_Exercise details:_ What is needed is an exact copy of the records below, minus any pictures.
BEGIN Material for this exercise
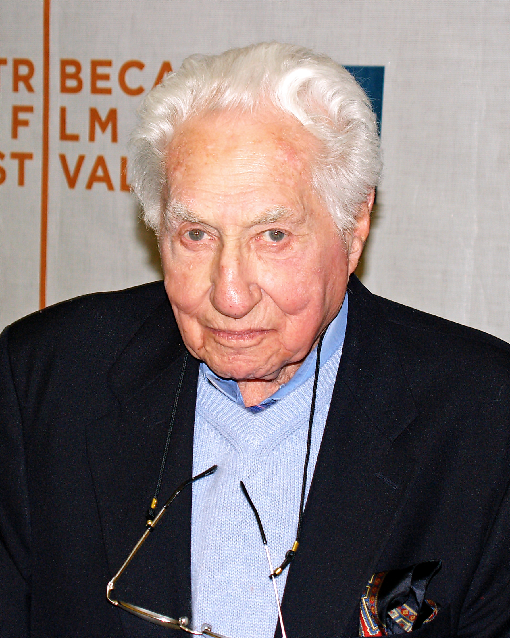 Dead people I photographed: Budd Schulberg (March 27, 1914 – August 5, 2009) was an American screenwriter, television producer, novelist and sports writer. He was known for his 1941 novel, What Makes Sammy Run?, his 1947 novel The Harder They Fall, his 1954 Academy-award-winning screenplay for On the Waterfront, and his 1957 screenplay for A Face in the Crowd.
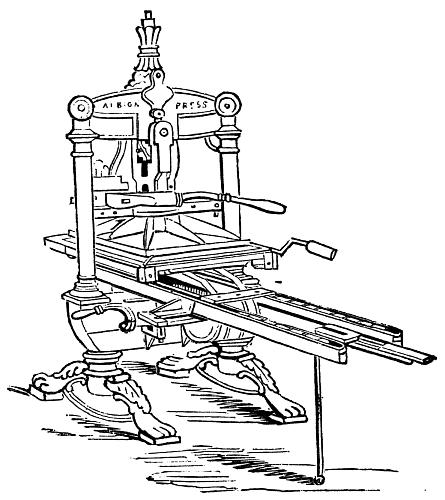 Albion Press printing press
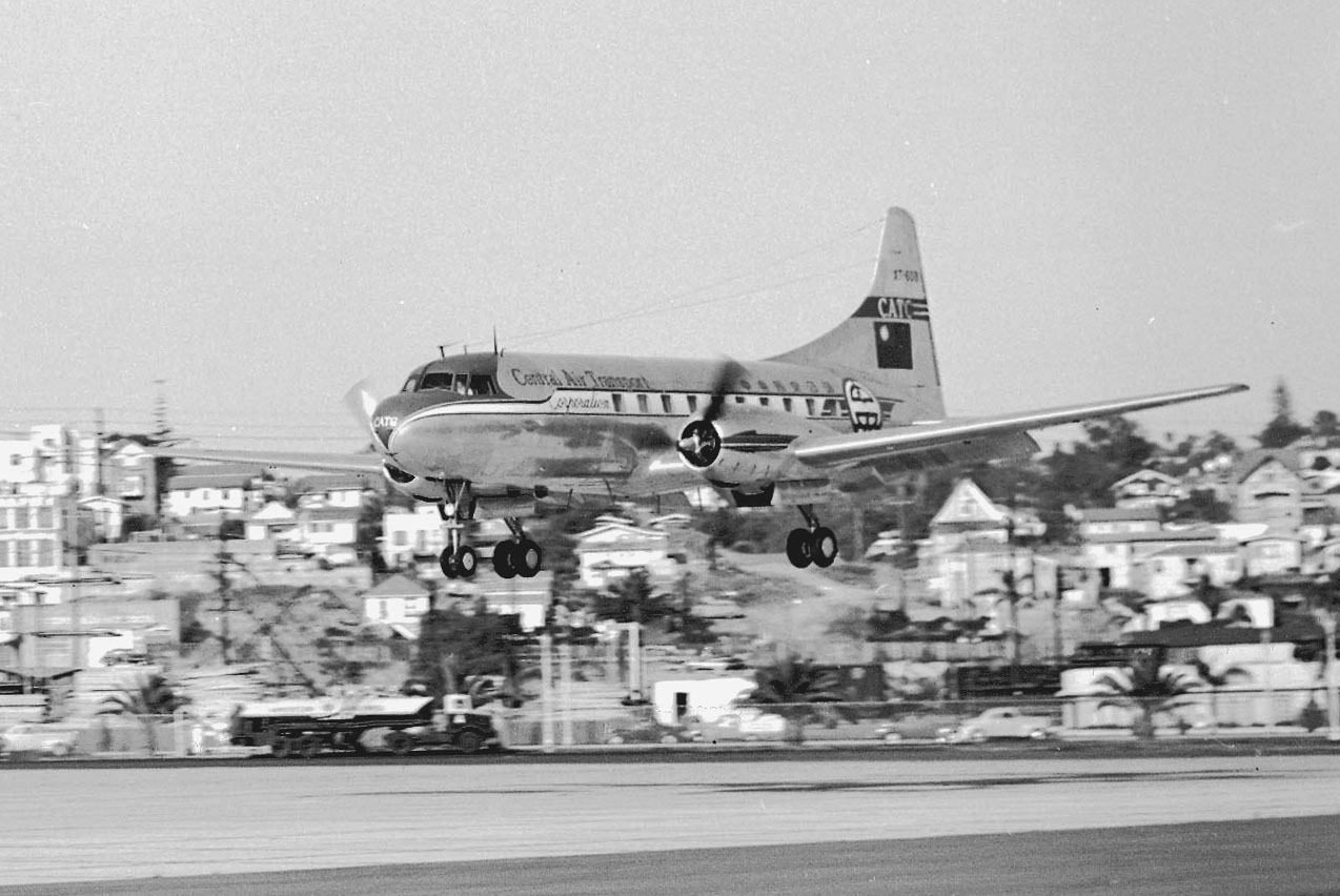 Chinese Central Air Transport XT-608 landing at San Diego on October 26, 1948. This is a 1-1/4 inch image in the middle of a large negative (no telephoto).
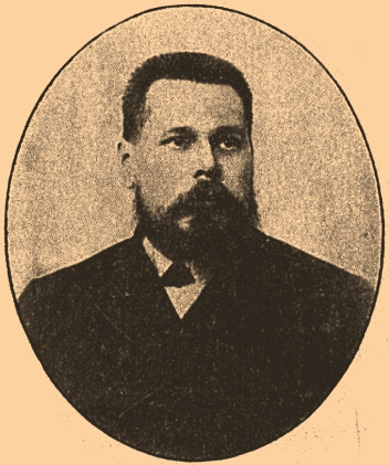 Illustration from Brockhaus and Efron Encyclopedic Dictionary (1890—1907)
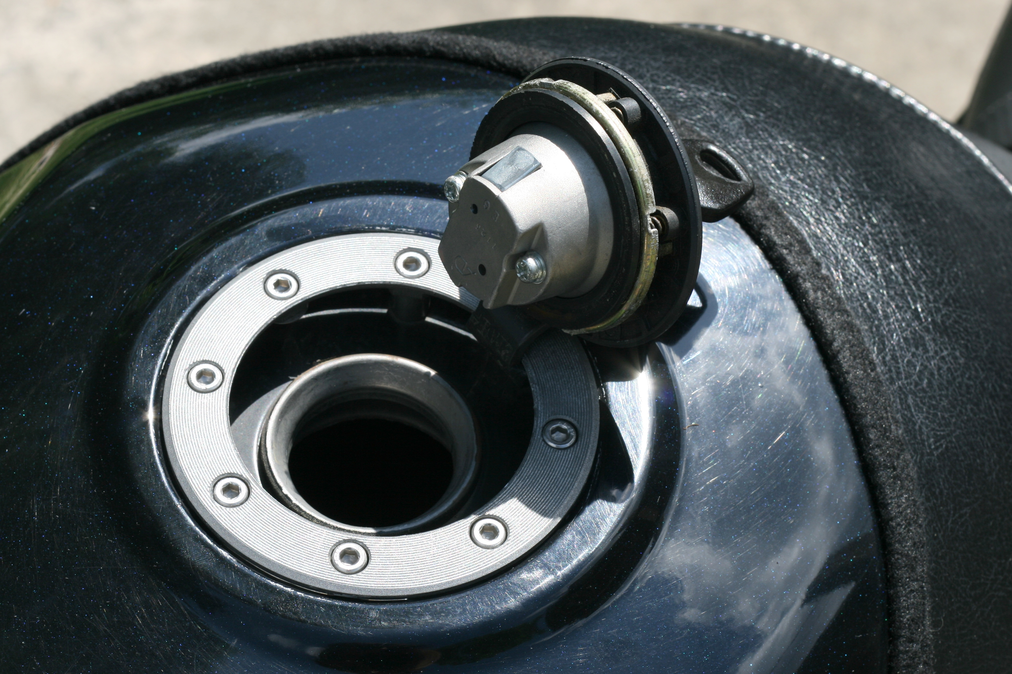 An open fuel cap on a 1998 Suzuki Bandit 1200 motorcycle.
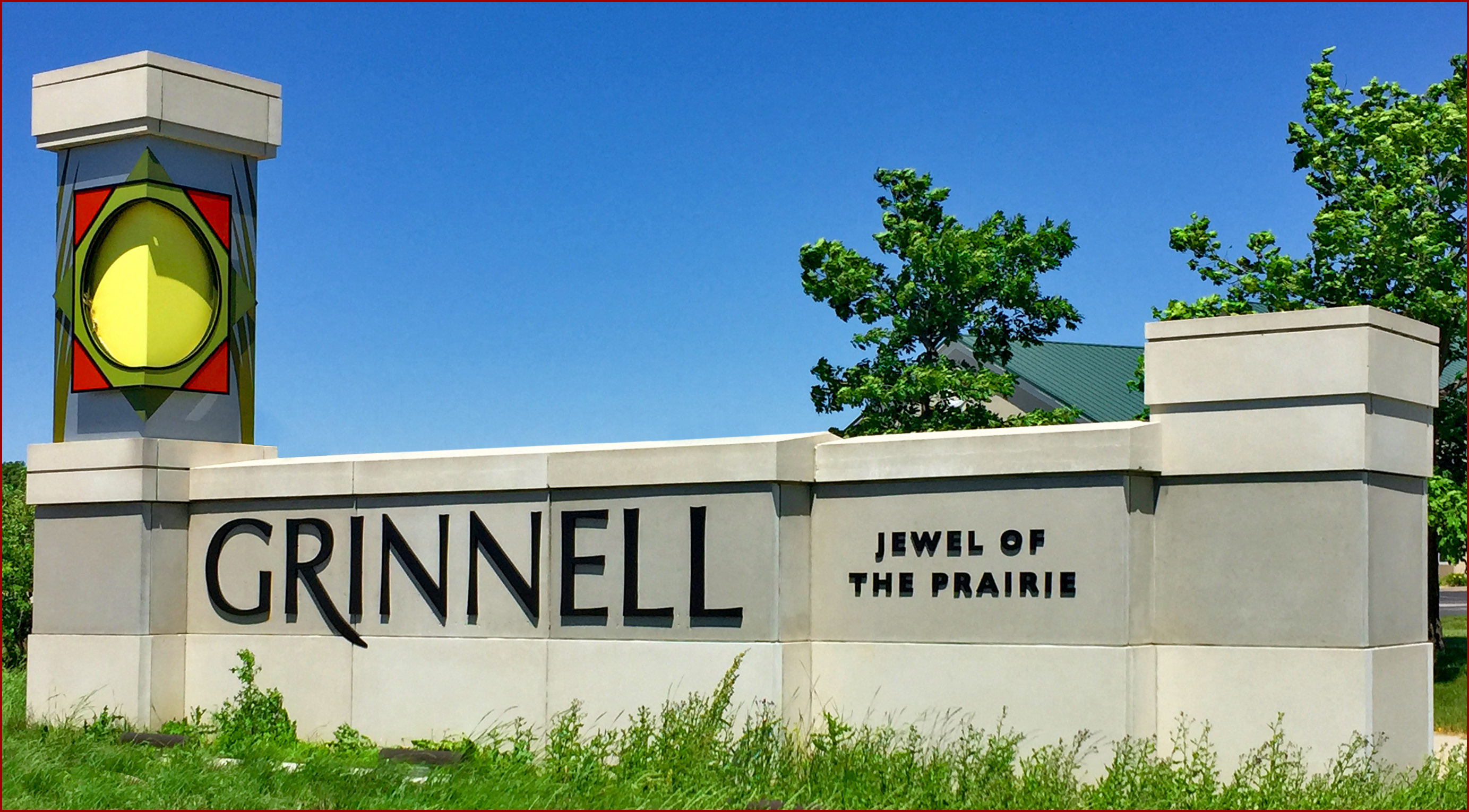 "Jewel of the Prairie" sign, in Grinnell, Iowa, United States.
END Material for this exercise
_Solved problem:_
 Dead people I photographed: Budd Schulberg (March 27, 1914 – August 5, 2009) was an American screenwriter, television producer, novelist and sports writer. He was known for his 1941 novel, What Makes Sammy Run?, his 1947 novel The Harder They Fall, his 1954 Academy-award-winning screenplay for On the Waterfront, and his 1957 screenplay for A Face in the Crowd.
 Albion Press printing press
 Chinese Central Air Transport XT-608 landing at San Diego on October 26, 1948. This is a 1-1/4 inch image in the middle of a large negative (no telephoto).
 Illustration from Brockhaus and Efron Encyclopedic Dictionary (1890—1907)
 An open fuel cap on a 1998 Suzuki Bandit 1200 motorcycle.
 "Jewel of the Prairie" sign, in Grinnell, Iowa, United States.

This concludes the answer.